Martha Ellen Scott (September 22, 1912 – May 28, 2003) was an American actress. She was featured in major films such as Cecil B. DeMille's The Ten Commandments (1956), and William Wyler's Ben-Hur (1959), playing the mother of Charlton Heston's character in both films. She originated the role of Emily Webb in Thornton Wilder's Our Town on Broadway in 1938 and later recreated the role in the 1940 film version, for which she was nominated for the Academy Award for Best Actress.

Early life
Scott was born in Jamesport, Missouri, the daughter of Letha (née McKinley) and Walter Alva Scott, an engineer and garage owner. Her mother was a second cousin of U.S. President William McKinley. The Scott family remained in Jamesport until Martha was 13 years old, when they moved to Kansas City, Missouri, and eventually to Detroit, Michigan. Scott became interested in acting in high school, an interest she furthered by attending the University of Michigan, earning a teaching certificate and a bachelor of arts degree in drama in 1934.

Career

Stage

Scott received a career boost right out of college, when she appeared with the Globe Theatre Troupe in a series of Shakespeare productions at the Century of Progress world's fair in Chicago in 1934. Following that, she moved to New York City, where she found steady work both in stock stage productions and radio dramas. In 1938, she made her Broadway debut in the original staging of Thornton Wilder's play Our Town as Emily Webb, the tragic young woman who dies in childbirth.

Film

Two years later, Scott reprised the role of Emily in her film debut when Our Town was made into a movie. Her critically acclaimed performance earned her an Academy Award nomination for Best Actress.

Scott found steady movie work for the next four decades, appearing in major epics such as The Ten Commandments, Ben-Hur, The Desperate Hours, and Airport 1975. Charlton Heston was a frequent co-star with Scott on both stage and screen. As she told an interviewer in 1988, "I played his mother twice and his wife twice. I was his mother in Ben Hur and The Ten Commandments. I was his wife on the stage in New York in Design for a Stained Glass Window and The Tumbler in London."

Producer

In 1968, Scott joined Henry Fonda and Robert Ryan in forming a theatrical production company called the Plumstead Playhouse. It later became the Plumstead Theatre Company and moved to Los Angeles. The company produced First Monday in October, both on stage and on film. Scott co-produced both versions. Her last production was Twelve Angry Men, which was performed at the Henry Fonda Theatre in Hollywood, California.

Television

Scott began appearing in TV roles in the medium's early days. On November 2, 1950, she starred in "The Cut Glass Bowl" on The Nash Airflyte Theater, followed by several guest appearances on Robert Montgomery Presents and other shows of television's "golden age", including two episodes of Alfred Hitchcock Presents. This pattern of guest roles continued through the 1960s with appearances on Route 66, Ironside, and The Courtship of Eddie's Father, among others. In the mid-1950s, Scott was the narrator for Modern Romances, an afternoon program on NBC-TV.

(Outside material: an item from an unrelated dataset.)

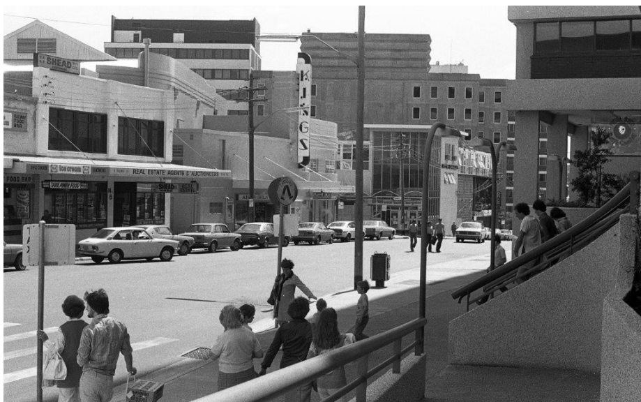
Railway Street from Chatswood railway station with Kings Theatre and the Hotel Charles in the background.

A small selection of the images are reproduced here. We are planning a display featuring Martin's images.

Scott was also a frequent TV guest star in the 1970s. She had recurring roles as Bob Newhart's mother on The Bob Newhart Show, the mother of Colonel Steve Austin (Lee Majors) on both The Six Million Dollar Man and The Bionic Woman, as well as Patricia Shepard, Sue Ellen and Kristin's mother on Dallas during its early years and later during the 1986 season.  Scott was cast in single-episode guest appearances on several hit shows of the era, such as The Sandy Duncan Show, Columbo: Playback (1975), The Mod Squad, Marcus Welby, M.D., and The Love Boat. She played the role of Jennifer Talbot, Terri Brock's nasty grandmother, on General Hospital for six months (1986–1987), which ended when her character was murdered and stuffed in a drain pipe.

In the 1980s, she had a regular role on the short-lived series Secrets of Midland Heights and appeared in several television movies and in single episodes of shows such as Magnum, P.I., The Paper Chase, and Highway to Heaven. In the late 1980 she costarred with Jeffrey Lynn in an episode of Murder, She Wrote, which was a direct sequel to their 1949 feature film Strange Bargain. Scott's final acting role on television was in 1990 in the movie Daughter of the Streets.

Personal life

Scott was married twice, first to radio producer and announcer Carleton William Alsop from 1940 to 1946, and then to jazz pianist and composer Mel Powell from 1946 until his death in 1998. She had one child with Alsop, son Carleton Scott Alsop, and two daughters—Mary Powell Harpel and Kathleen Powell—with her second husband. 

According to her son, Scott never forgot about her childhood hometown, using the mental image of a Jamesport cemetery in preparation for her Oscar-nominated role in Our Town. Said Alsop, "She told me she used that place as her image because it's so serene and beautiful" and that her deceased McKinley and Scott relatives "became the Gibbs and the Webbs in the play".

A Democrat, she supported the campaign of Adlai Stevenson during the 1952 presidential election.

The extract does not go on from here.